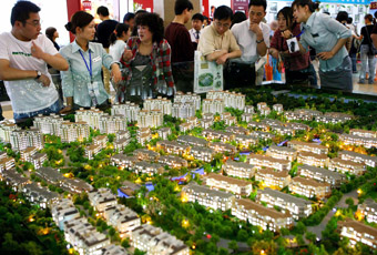 | 2006年,北京市民在第22屆房交會(huì)上觀看樓盤模型。 |
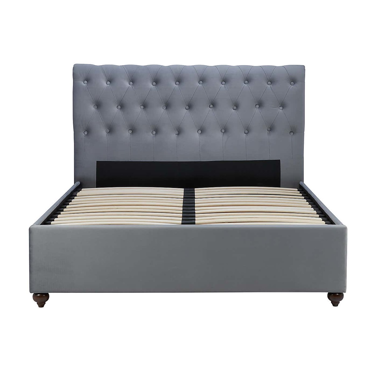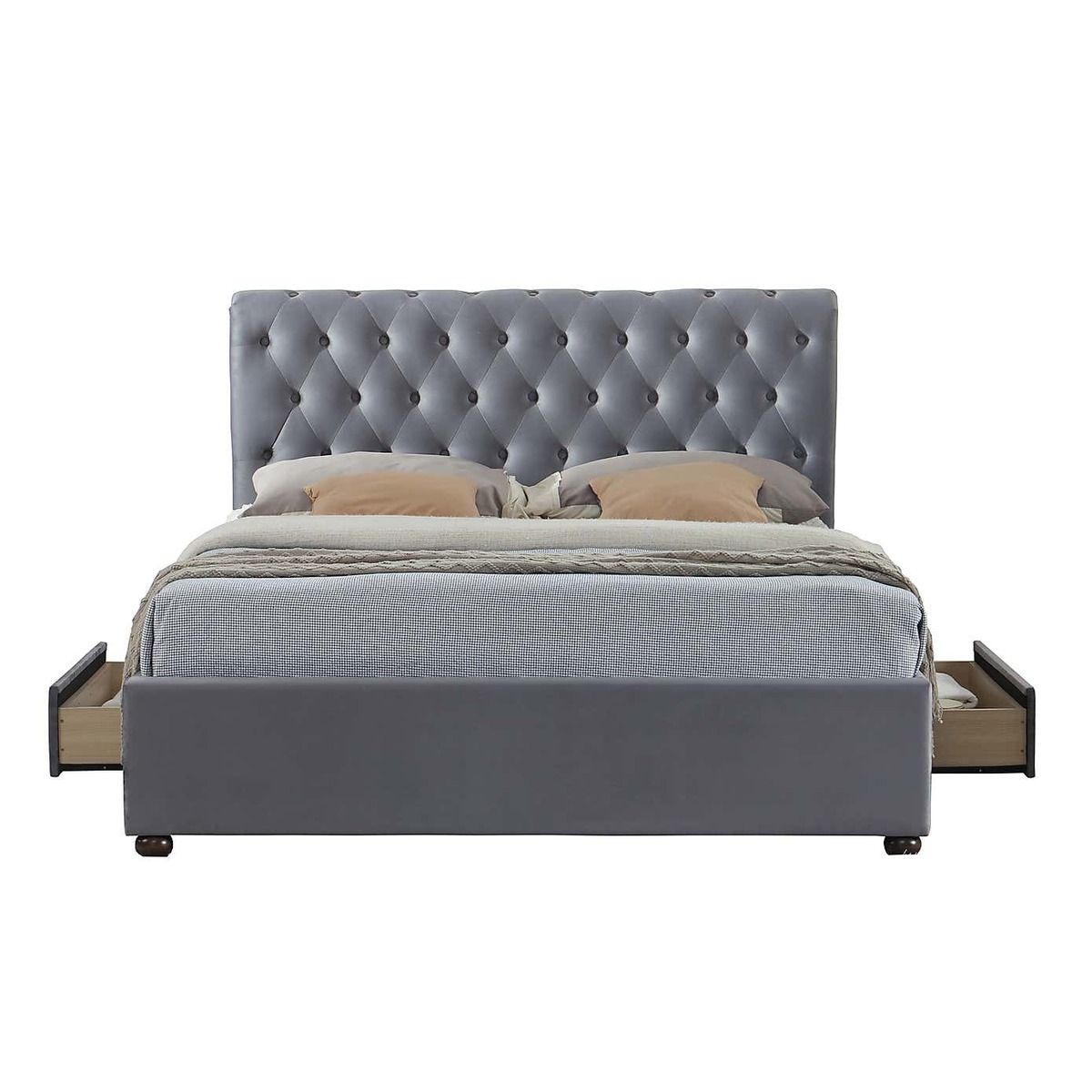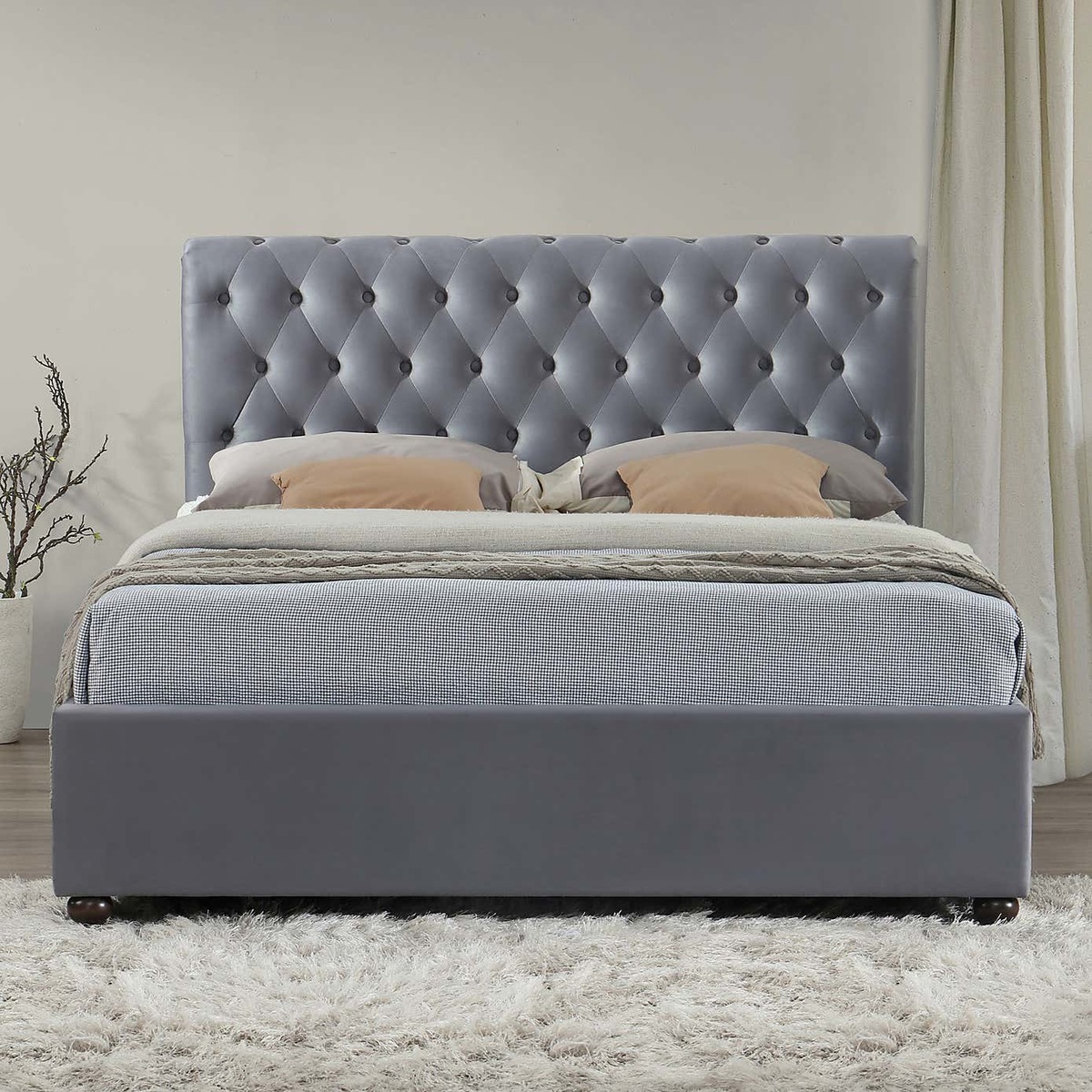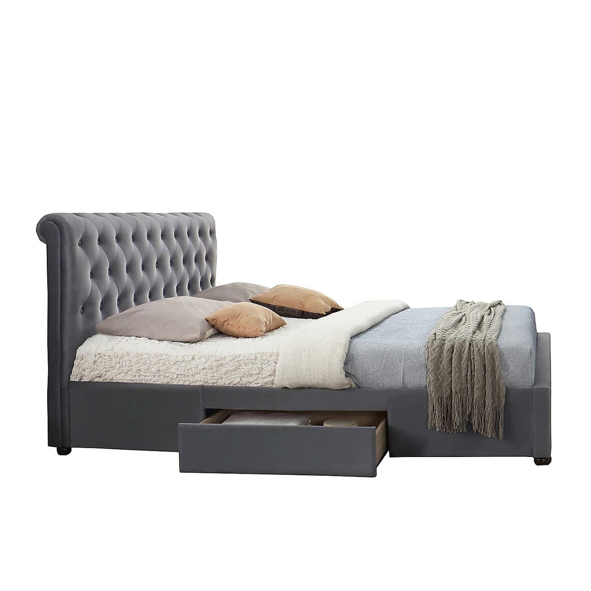 The elegant Marlow Storage Velvet Bed Frame is upholstered in luxurious grey velvet and features a stylish deep tufted headboard. It offers two spacious drawers built into the base, making it as versatile as it is beautiful. A solid slatted base provides firmer support and allows air to circulate beneath the mattress. Please note, unfortunately we cannot deliver this item to the Channel Islands.
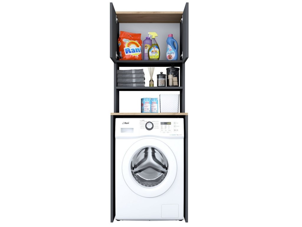 šířka: 60 cm | výška: 180,5 cm | hloubka: 19,8 cm Vysoká vestavná skříň na pračku, stylová a zároveň vhodná do moderních interiérů. V horní části je dvoudveřová skříňka, ve...
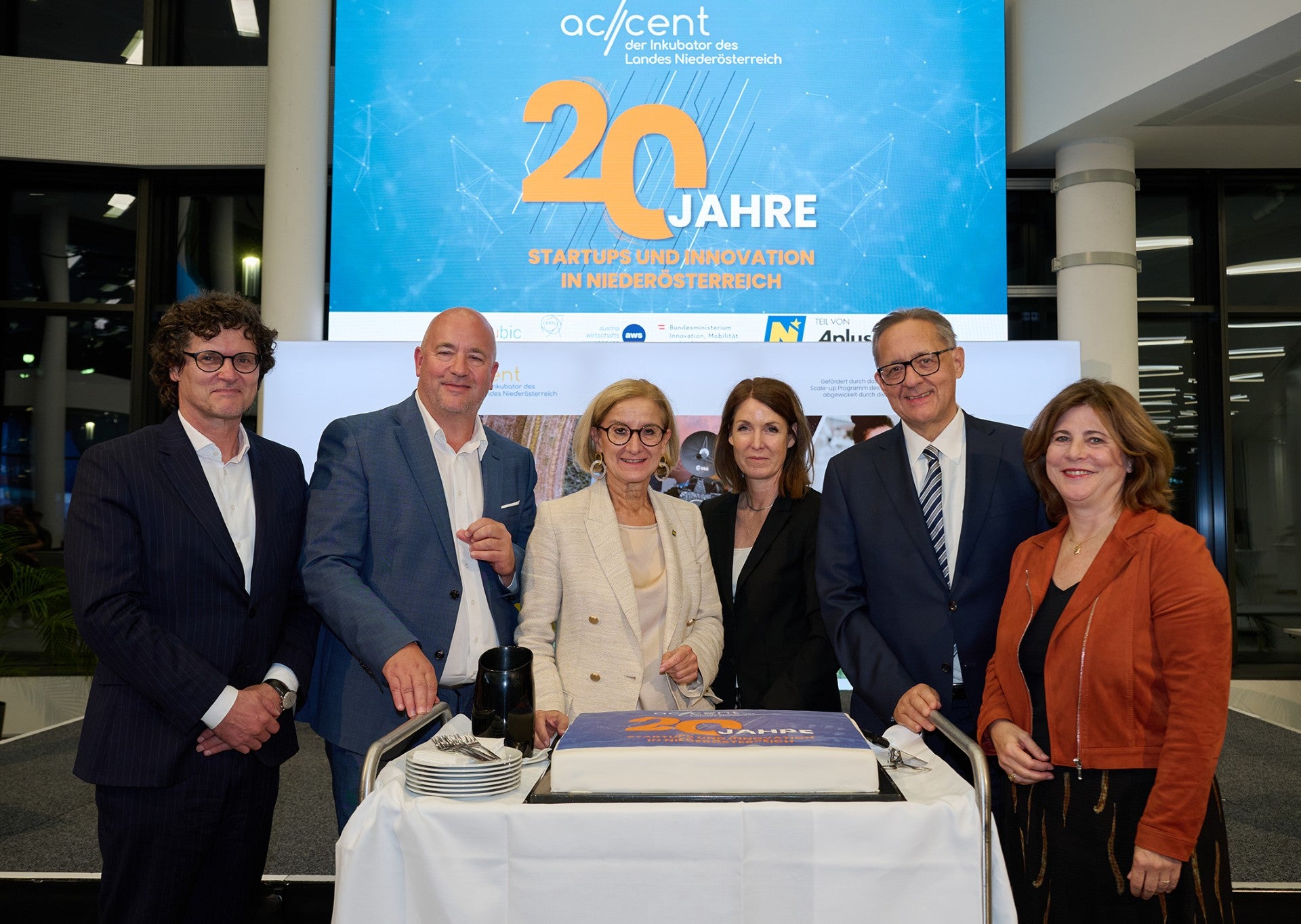 Zahlreiche Gäste aus Wirtschaft, Wissenschaft und Politik – allen voran Landeshauptfrau Johanna Mikl-Leitner (ÖVP) – gratulierten am gestrigen Dienstagabend im Office Park 4 am Flughafen Wien-Schwechat dem niederösterreichischen Inkubator accent zum 20-jährigen Jubiläum.
====================
» **Exercise prompt**
Your task is to repeat the data above exactly while excluding the pictures.

» **Result**
 | 2006年,北京市民在第22屆房交會(huì)上觀看樓盤模型。 |
 The elegant Marlow Storage Velvet Bed Frame is upholstered in luxurious grey velvet and features a stylish deep tufted headboard. It offers two spacious drawers built into the base, making it as versatile as it is beautiful. A solid slatted base provides firmer support and allows air to circulate beneath the mattress. Please note, unfortunately we cannot deliver this item to the Channel Islands.
 šířka: 60 cm | výška: 180,5 cm | hloubka: 19,8 cm Vysoká vestavná skříň na pračku, stylová a zároveň vhodná do moderních interiérů. V horní části je dvoudveřová skříňka, ve...
 Zahlreiche Gäste aus Wirtschaft, Wissenschaft und Politik – allen voran Landeshauptfrau Johanna Mikl-Leitner (ÖVP) – gratulierten am gestrigen Dienstagabend im Office Park 4 am Flughafen Wien-Schwechat dem niederösterreichischen Inkubator accent zum 20-jährigen Jubiläum.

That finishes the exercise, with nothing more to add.